Exercise prompt » Although the records contain pictures, only their text should be set down, exactly as written.
-- Supplied data follows --
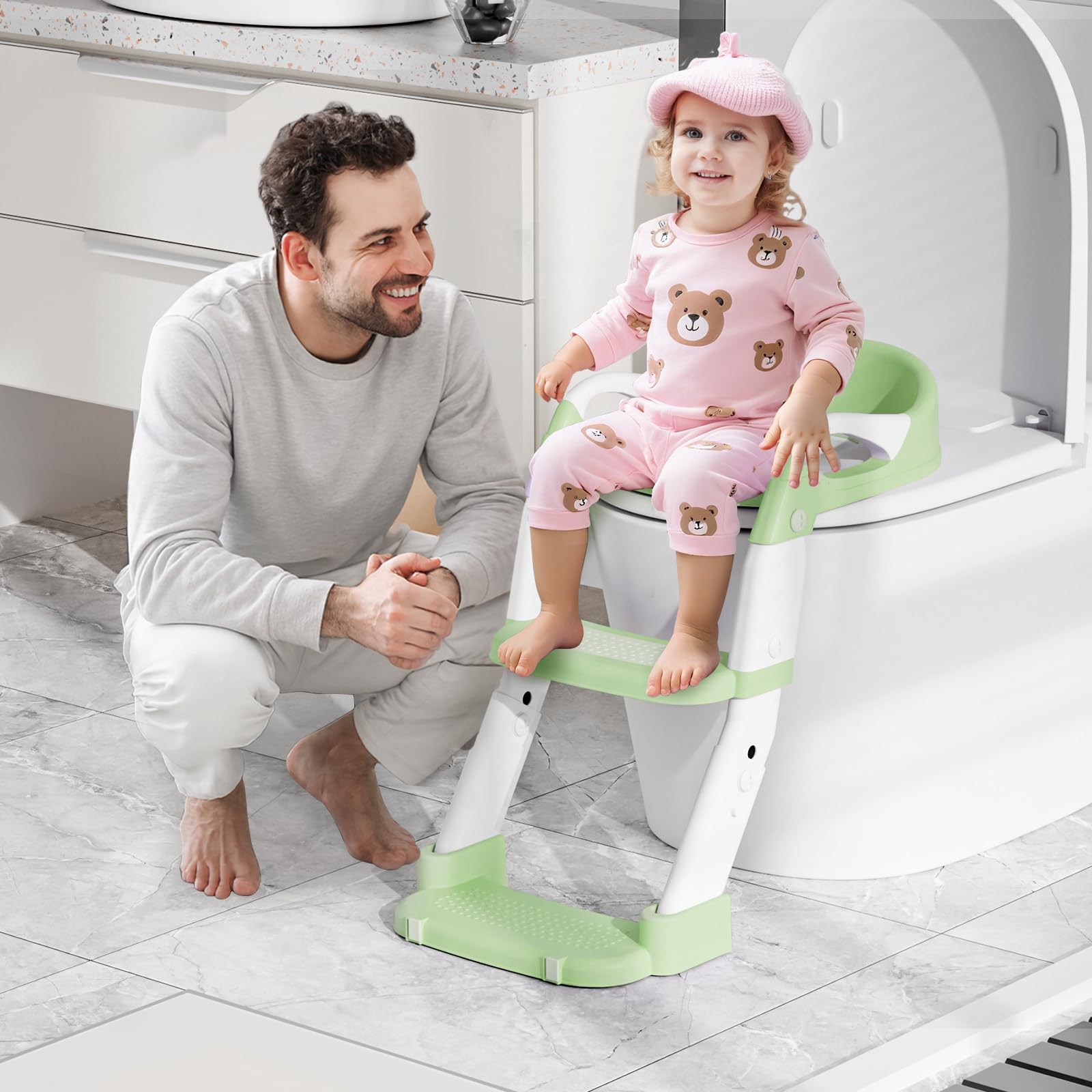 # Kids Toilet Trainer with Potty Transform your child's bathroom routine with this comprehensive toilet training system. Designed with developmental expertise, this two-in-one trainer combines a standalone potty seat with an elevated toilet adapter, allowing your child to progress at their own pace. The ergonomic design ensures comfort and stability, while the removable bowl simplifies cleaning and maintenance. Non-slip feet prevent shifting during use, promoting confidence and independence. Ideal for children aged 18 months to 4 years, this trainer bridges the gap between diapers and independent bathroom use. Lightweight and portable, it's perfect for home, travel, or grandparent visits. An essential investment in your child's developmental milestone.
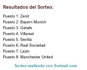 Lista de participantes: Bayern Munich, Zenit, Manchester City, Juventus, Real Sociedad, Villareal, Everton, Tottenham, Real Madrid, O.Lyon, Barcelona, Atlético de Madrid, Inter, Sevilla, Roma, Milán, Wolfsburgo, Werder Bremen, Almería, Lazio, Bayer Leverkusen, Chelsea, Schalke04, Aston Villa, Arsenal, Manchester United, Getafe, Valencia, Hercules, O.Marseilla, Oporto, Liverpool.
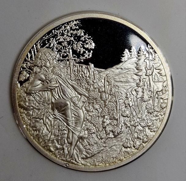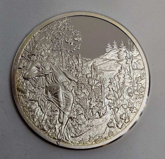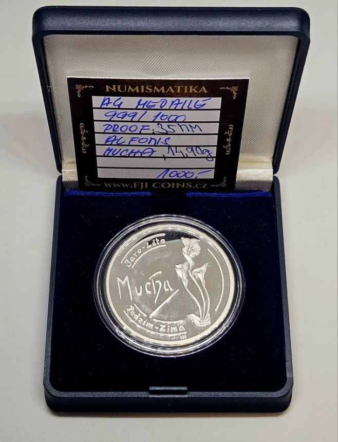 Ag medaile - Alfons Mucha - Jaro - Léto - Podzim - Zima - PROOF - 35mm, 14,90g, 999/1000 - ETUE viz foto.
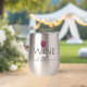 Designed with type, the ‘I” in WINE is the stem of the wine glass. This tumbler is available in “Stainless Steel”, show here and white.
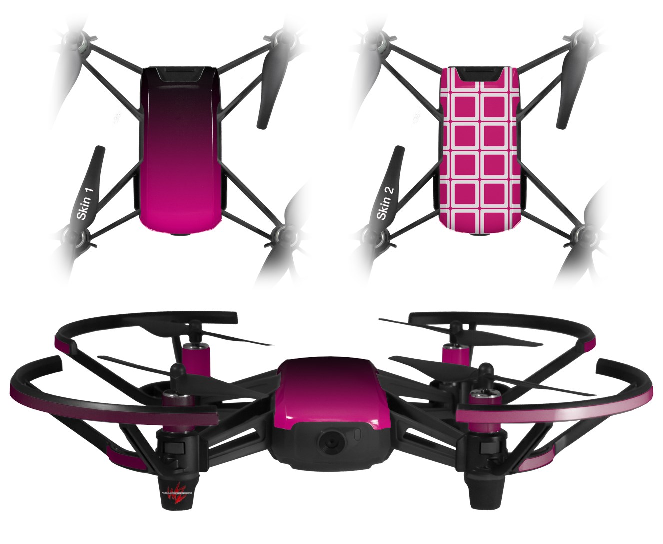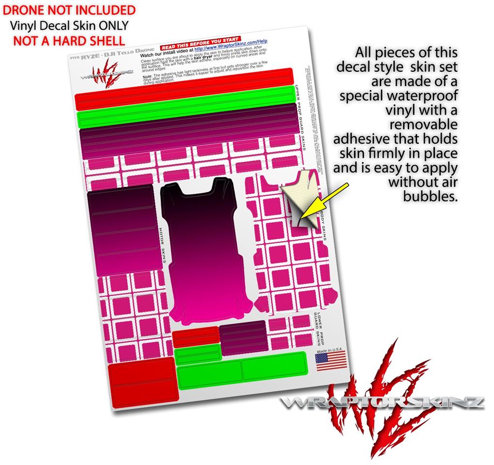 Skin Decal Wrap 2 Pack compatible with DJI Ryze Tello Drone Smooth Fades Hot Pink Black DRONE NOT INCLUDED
-- Supplied data concluded --
Task response »
 # Kids Toilet Trainer with Potty Transform your child's bathroom routine with this comprehensive toilet training system. Designed with developmental expertise, this two-in-one trainer combines a standalone potty seat with an elevated toilet adapter, allowing your child to progress at their own pace. The ergonomic design ensures comfort and stability, while the removable bowl simplifies cleaning and maintenance. Non-slip feet prevent shifting during use, promoting confidence and independence. Ideal for children aged 18 months to 4 years, this trainer bridges the gap between diapers and independent bathroom use. Lightweight and portable, it's perfect for home, travel, or grandparent visits. An essential investment in your child's developmental milestone.
 Lista de participantes: Bayern Munich, Zenit, Manchester City, Juventus, Real Sociedad, Villareal, Everton, Tottenham, Real Madrid, O.Lyon, Barcelona, Atlético de Madrid, Inter, Sevilla, Roma, Milán, Wolfsburgo, Werder Bremen, Almería, Lazio, Bayer Leverkusen, Chelsea, Schalke04, Aston Villa, Arsenal, Manchester United, Getafe, Valencia, Hercules, O.Marseilla, Oporto, Liverpool.
 Ag medaile - Alfons Mucha - Jaro - Léto - Podzim - Zima - PROOF - 35mm, 14,90g, 999/1000 - ETUE viz foto.
 Designed with type, the ‘I” in WINE is the stem of the wine glass. This tumbler is available in “Stainless Steel”, show here and white.
 Skin Decal Wrap 2 Pack compatible with DJI Ryze Tello Drone Smooth Fades Hot Pink Black DRONE NOT INCLUDED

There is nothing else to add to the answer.